"The human asset is the most critical element when it comes to defending against and defeating evolving security threats," asserted Seow. Organisations should thus promote a positive security culture and ensure that all employees have a good understanding of the company's security policies. "Once employees understand the importance of security and good practices, the chances of breaches will be reduced... as security is by and large a people issue rather than a tech issue. Employees [are able to not only] defend information assets through professional due care, [but also] detect attack attempts early and respond to them swiftly and coherently."

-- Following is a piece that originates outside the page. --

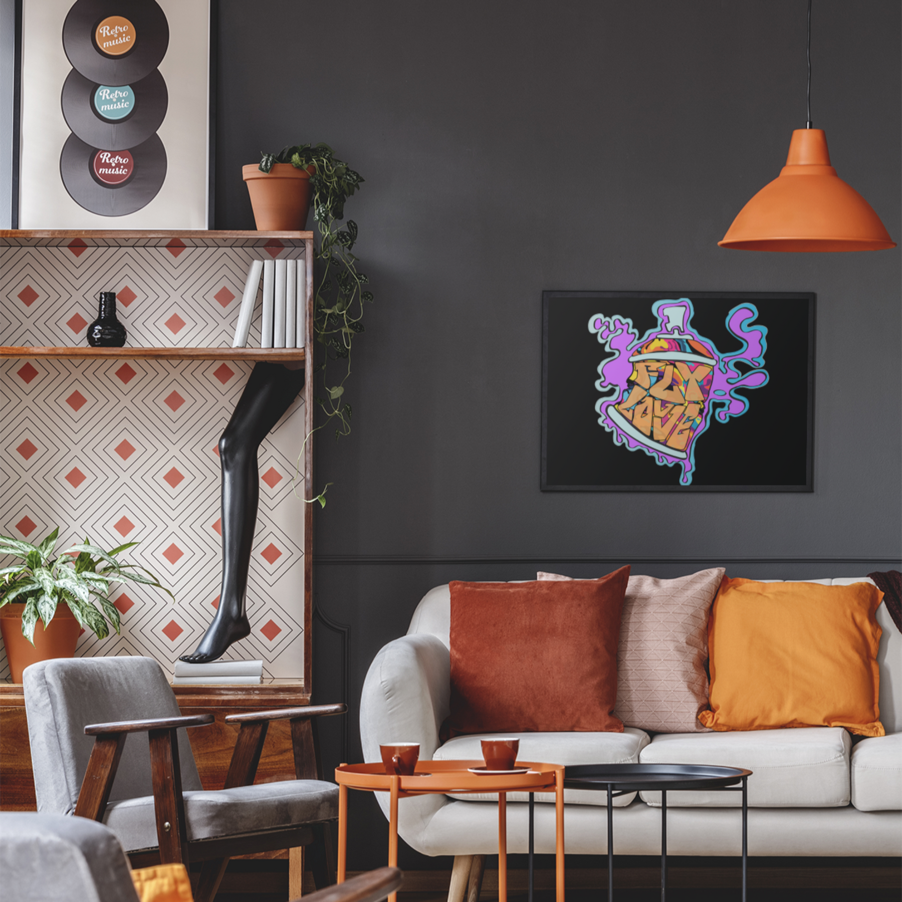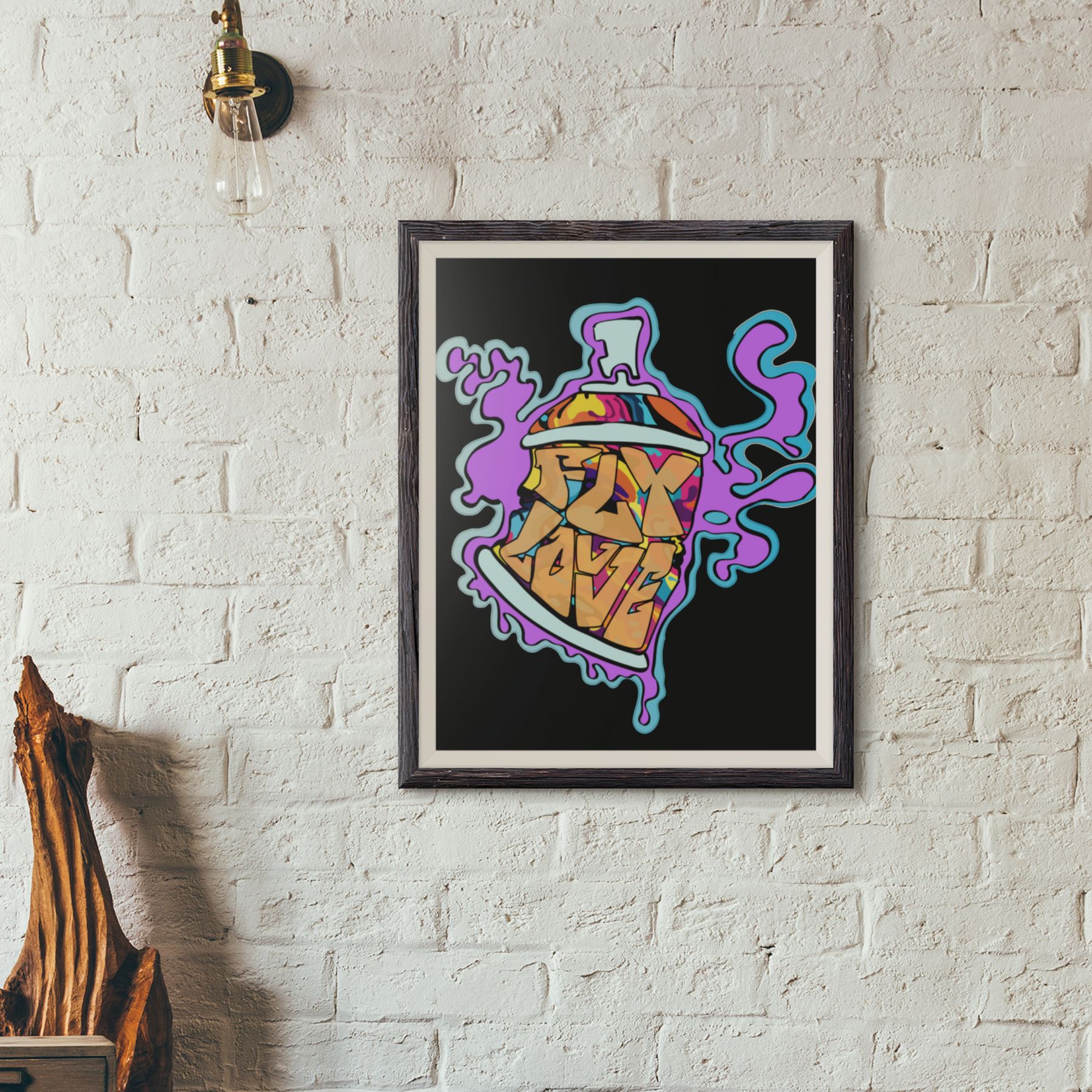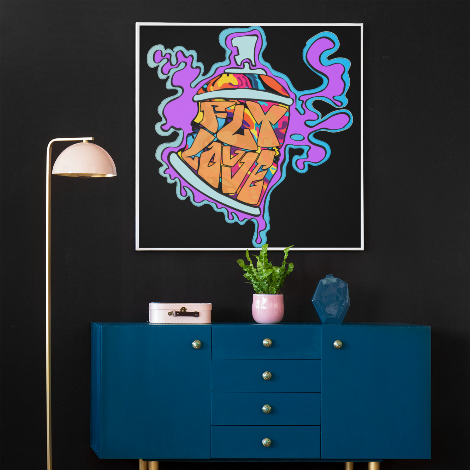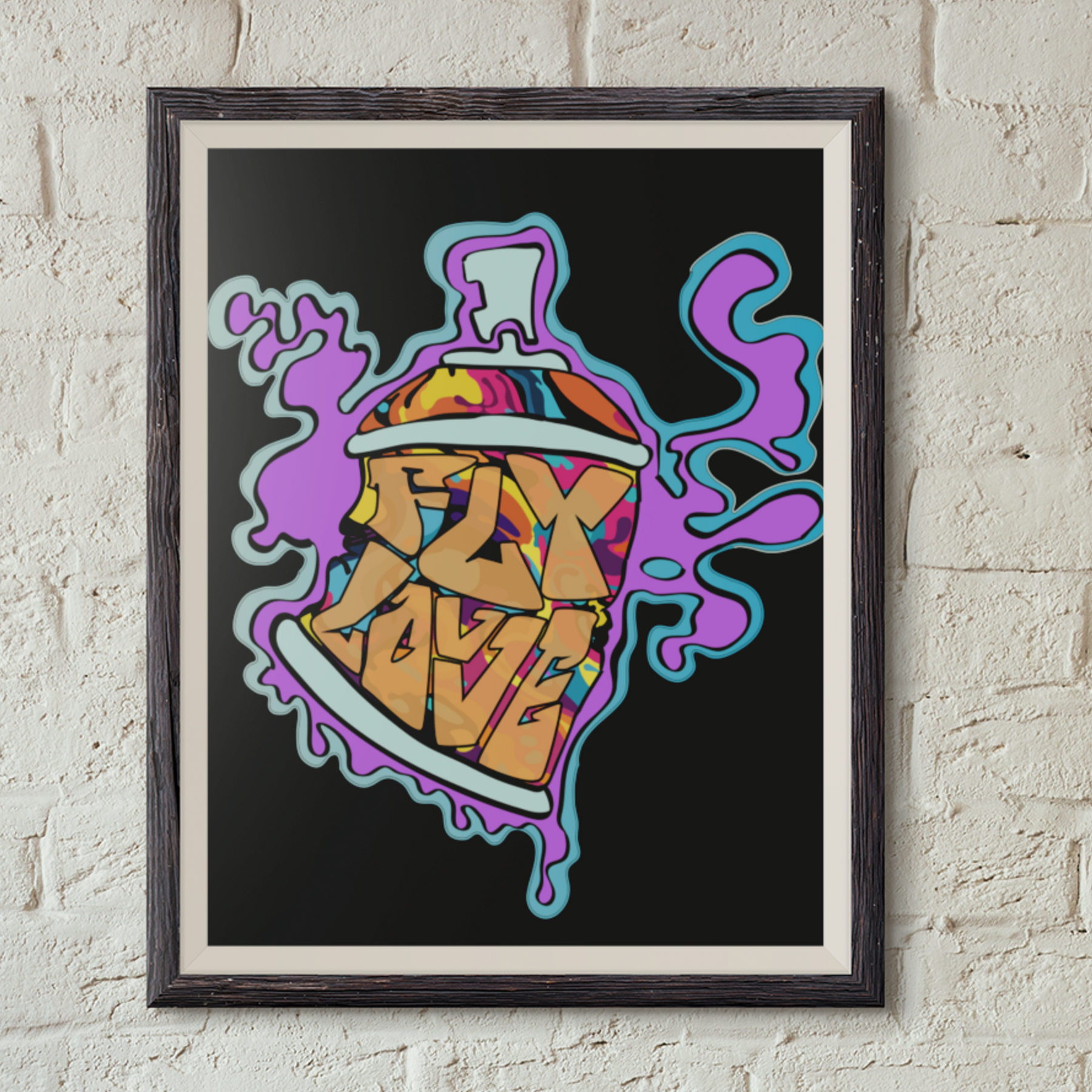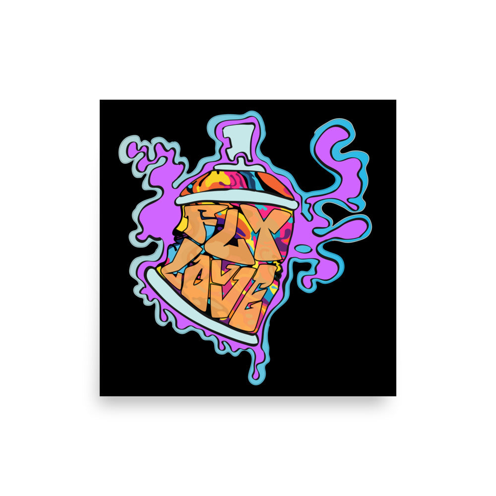 Bring an explosion of color and creativity to your space with the FlyLoVve Spray Paint Can Wall Art. This striking piece showcases a multi-colored animated spray paint can surrounded by a flowing purple paint spill, with the iconic FlyLoVve logo front and center. Printed on high-quality canvas, this artwork is perfect for adding a touch of urban energy to your home, studio, or office. A celebration of art and self-expression, it’s a bold statement for any wall.

As security threats evolve alongside the advancement of security technologies, there is a need for security professionals to continually upgrade their skills and keep abreast of new threats. "The days where security is managed by non-security trained people are over. It is recommended that security professionals hold professional certification from [security certification bodies such as] International Information Systems Security Certification Consortium (ISC)2 or ISACA."
"To tackle security effectively, we have to first instill a good security education to the people around us and it must be relentless and continuous effort," concluded Seow.
Bringing Trust to the Cloud
Security is still the biggest barrier to cloud adoption, according to David Siah, Chair of Singapore Chapter, Cloud Security Alliance (CSA).
David Siah, Chair, Singapore Chapter, Cloud Security Alliance
"There is a lack of trust when you're subscribing to a cloud service today," said Siah. The CSA, a global not-for-profit organisation that was founded in the U.S. in 2009, thus "aims to bring trust to the cloud by developing a global trusted cloud ecosystem, and building best practices and standards for the next generation of IT."
The lack of transparency by cloud service providers (CSPs) might be a reason for the lack of trust in cloud services, he claimed. To address this issue, CSA launched a publicly accessible registry via the Internet, CSA STAR, in 2011. CSA STAR "documents the security controls provided by cloud service providers" and only lists cloud service providers that meet CSA's Open Certification Framework (OCF).
Consisting of three levels, the OCF is an industry initiative to allow global, accredited and trusted certification of cloud providers. Siah explained that level 1 consists of self-assessments based on the Consensus Assessment Initiative Questionnaire and Cloud Control Matrix. There are currently 60 organisations with this certification including Amazon Web Services, Microsoft and Box.com.
The STAR Attestation is positioned as CSA STAR Certification at Level 2 of the OCF. "Level 2 is a lot more rigorous as it is based on a third party independent assessment of the CSP's security," he said. The CSP's description of its system and controls will be assessed at this level.